Woodward, 75 ans, et Bernstein, 74 ans, n’ont jamais cessé de faire des reportages ou d’écrire. Bernstein est un commentateur politique pour CNN dont les livres incluent Une femme responsable: La vie d’Hillary Rodham Clinton. Woodward travaille au Post depuis près d’un demi-siècle et est maintenant rédacteur en chef adjoint. Il a écrit plusieurs chroniques à succès des présidences de Nixon à Barack Obama.
Peur: Trump à la Maison Blanche, qui sortira le mois prochain, est son 19e livre et l’un des plus attendus. L’éditeur Simon & Schuster annonce qu’il montrera la « vie déchirante » de l’administration Trump, en s’appuyant sur ”des centaines d’heures d’entretiens avec des sources de première main, des notes de réunion contemporaines, des fichiers, des documents et des journaux personnels ».
Le titre est basé sur une remarque que Trump a faite à Woodward et à un autre journaliste du Post dans une interview en 2016: « Le vrai pouvoir passe par le respect. Le vrai pouvoir est, je ne veux même pas utiliser le mot, peur. »
L’ancien secrétaire à la défense Leon Panetta, qui a présidé en mai une table ronde avec Woodward, Bernstein et le premier chef d’état-major de Trump, Reince Priebus, a déclaré: « Je pense que beaucoup de vieux jus coulent. L’expérience qu’ils ont eue tous les deux avec le Watergate les a préparés à bien des égards à faire face aux défis de l’administration Trump. Ils sont maintenant dans la même position qu’avant en tant que jeunes journalistes. »
Pourtant, l’environnement politique et médiatique a changé de manière impensable. Le bureau de poste où, sous la direction de Ben Bradlee, Woodward et Bernstein ont rédigé des rapports sur les machines à écrire, et où les journaux se sont écoulés des presses souterraines, a été démoli. Maintenant propriété du milliardaire Amazon Jeff Bezos, le Poste a emménagé dans un siège de haute technologie adapté à l’ère numérique. De Facebook à Fox News, les médias sont fragmentés et polarisés par des conflits sur ce qui constitue la vérité elle-même.

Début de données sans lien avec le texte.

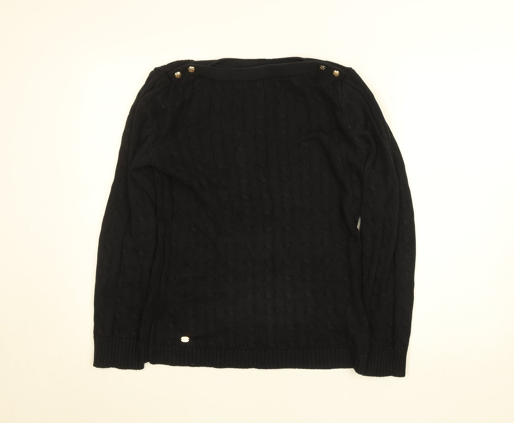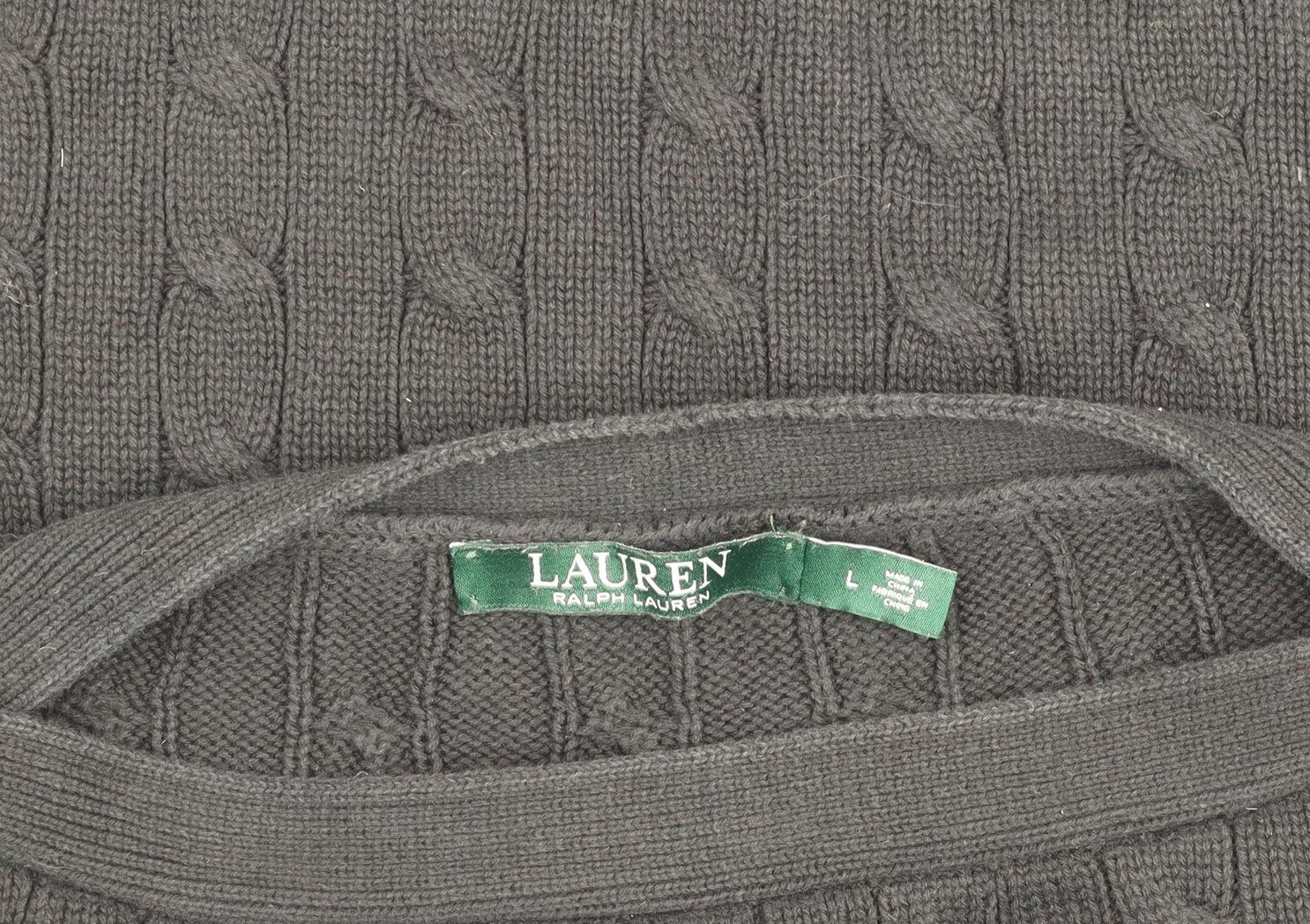 Lauren Ralph Lauren Women's Black Cable Knit Cotton Jumper L

Panetta a déclaré à propos de Woodward et Bernstein: « Leur expertise de base consistait à essayer de trouver la vérité, mais nous sommes à une époque où les faits sont attaqués. Ils ont affaire à un monde plus difficile où le simple fait de savoir qui ils sont ne porte pas le genre de respect qu’il avait autrefois.”
En 1974, ils ont coécrit le livre All the President’s Men, qui a été transformé en un film hollywoodien mettant en vedette Robert Redford et Dustin Hoffman et mettant en scène des rencontres sombres avec la source mystérieuse « Gorge profonde”. Il pourrait maintenant être tentant pour les libéraux las de Trump de fantasmer sur la réunion de Woodward et Bernstein pour sauver à nouveau la république.
Lorsqu’on lui a demandé s’il y avait une perspective d’une autre collaboration, Bernstein a répondu : » Je n’exclurais rien du tout. Il n’y a certainement pas de plans, mais nous gérons les choses les unes par les autres et nous nous conseillons mutuellement. »
Les relations professionnelles et personnelles des hommes auraient été tendues pendant un certain temps dans les années 1970, mais ils sont par ailleurs très proches. « Nous parlons quelques fois par semaine et depuis des années et il y a évidemment des choses que nous ne pouvons pas partager entre nous, mais nous avons une assez bonne idée. Nous maintenons un dialogue sur Trump, l’histoire et la présidence. Nous faisons cela depuis 45, 46 ans. »
Et cela dérange-t-il Bernstein que, aussi automatiquement que Laurel et Hardy ou Lennon et McCartney, le duo soit communément appelé Woodward et Bernstein plutôt Bernstein et Woodward? « Pas du tout », dit-il joyeusement. « Je ne pense pas que tu t’inquiètes pour ce genre de chose.”